Segment Start: RECORDED DATA
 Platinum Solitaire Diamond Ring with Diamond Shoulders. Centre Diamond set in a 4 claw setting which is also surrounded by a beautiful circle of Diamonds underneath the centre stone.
Segment End: RECORDED DATA
Segment Start: RECORDED DATA
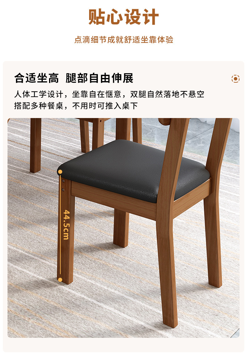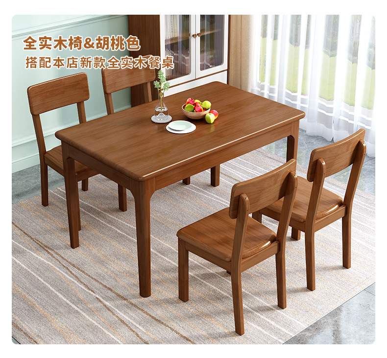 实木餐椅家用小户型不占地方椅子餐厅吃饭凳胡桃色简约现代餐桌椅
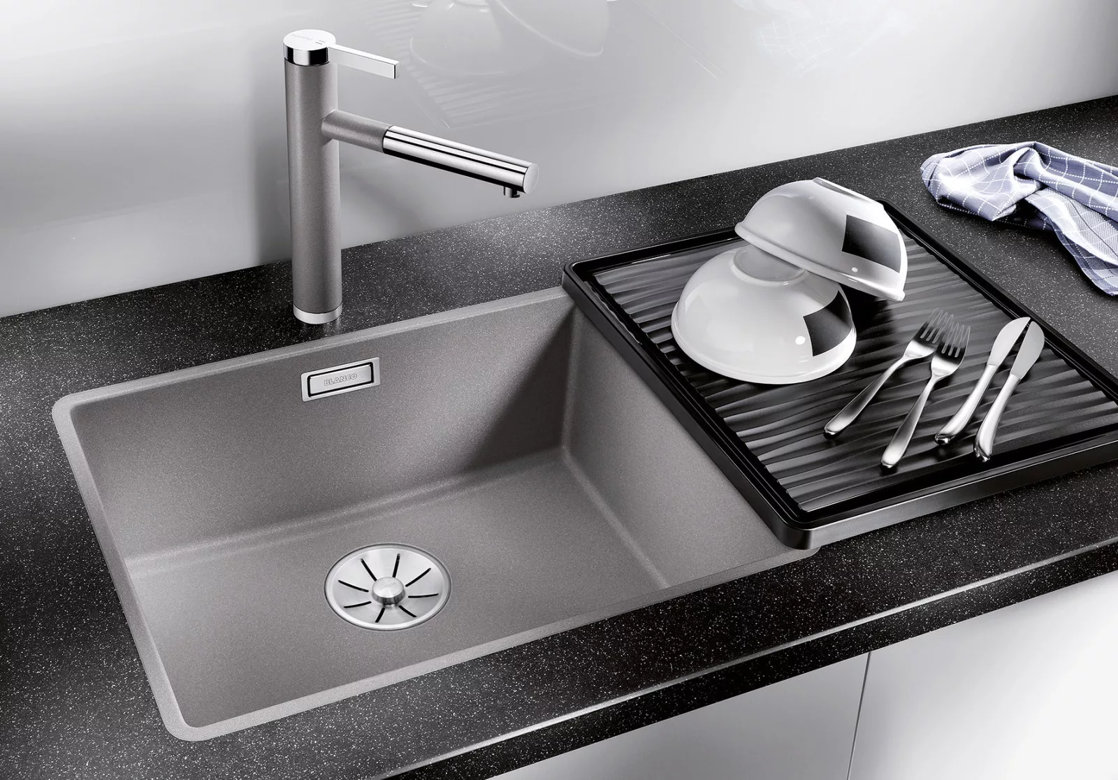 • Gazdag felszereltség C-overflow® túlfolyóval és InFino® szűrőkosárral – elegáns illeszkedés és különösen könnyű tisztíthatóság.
Segment End: RECORDED DATA
__WORK TASK__
From the records above, copy only the lines running from the line holding "实木餐椅家用小户型不占地方椅子餐厅吃饭凳胡桃色简约现代餐桌椅" through the line holding "különösen könnyű tisztíthatóság.", with no pictures.

__TASK RESULT__
 实木餐椅家用小户型不占地方椅子餐厅吃饭凳胡桃色简约现代餐桌椅
 • Gazdag felszereltség C-overflow® túlfolyóval és InFino® szűrőkosárral – elegáns illeszkedés és különösen könnyű tisztíthatóság.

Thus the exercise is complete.